Journal

Why Harvard Square

On being a Japanese dessert cafe inside The Garage Mall - a neighborhood that knows what it wants and takes its time finding it.

Harvard Square is not a tourist destination in the way that most tourist destinations are. People come to it deliberately. The density of independent restaurants and shops - holdouts from an era before chain retail took over every commercial block in Cambridge - gives it a texture that most American neighborhoods have lost.

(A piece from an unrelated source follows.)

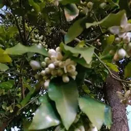 柚子树又名“文旦”“栾”“抛”。芸香科。常绿乔木。叶大而厚;叶翼大,呈心脏形。花大,常簇生成总状花…
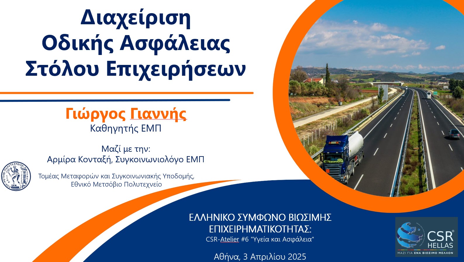 “ΔιαχείρισηΟδικής Ασφάλειας Στόλου Επιχειρήσεων”, στο Ελληνικό Σύμφωνο Βιώσιμης Επιχειρηματικότητας: CSR-atelier#6 “Υγεία και Ασφάλεια” από την CRS Hellas (Αθήνα, 3 Απριλίου 2025). ID cp697 Presentation Tags

We are on the first floor of The Garage Mall on JFK Street, where Ben and Jerry's used to be. Our neighbors are Memory Shop, Gatcha Zakka - which longtime regulars might remember as Anime Zakka - Subway, Chutneys, and LE's. It is an honest slice of what Harvard Square actually is: not a curated retail concept, just a building full of independent places that have figured out how to stick around.

The foot traffic is a mix of students, locals who have been coming to this block for thirty years, and people walking over from the museums or the Smith Campus Center. It is not a crowd that needs convincing. They are curious by temperament.

The Red Line stop is a three-minute walk. If you are coming from elsewhere in Cambridge or from Boston, it is easier than it looks on a map. Park Street, transfer, two stops.

We are open Monday through Thursday from 1 to 8:30, Friday through Sunday from noon to 8:30.